====== Recorded data ======

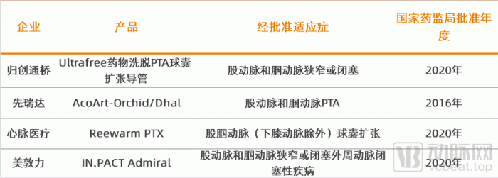目前,针对膝上股浅动脉(SFA)及腘动脉(PPA)病变,已经有五款已获批的DCB产品,分别由三家国内企业——归创通桥、心脉医疗、先瑞达和一家跨国企业美敦力制造。
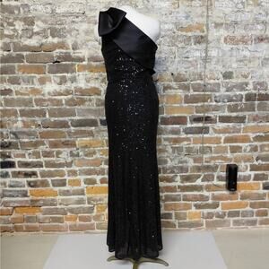 Betsy & Adam Formal Evening Gown Women 8 Black Sequin One Shoulder Wedding Party
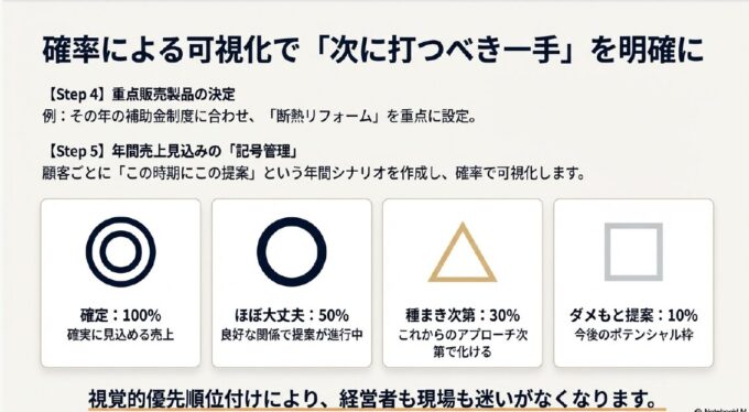 5. 増販シナリオ作成:顧客ごとに「この時期に外壁塗装の提案、確度は50%」といった具体的な年間シナリオを作成 。

======

Copy out the listing above exactly, and keep the pictures out of it.

目前,针对膝上股浅动脉(SFA)及腘动脉(PPA)病变,已经有五款已获批的DCB产品,分别由三家国内企业——归创通桥、心脉医疗、先瑞达和一家跨国企业美敦力制造。
 Betsy & Adam Formal Evening Gown Women 8 Black Sequin One Shoulder Wedding Party
 5. 増販シナリオ作成:顧客ごとに「この時期に外壁塗装の提案、確度は50%」といった具体的な年間シナリオを作成 。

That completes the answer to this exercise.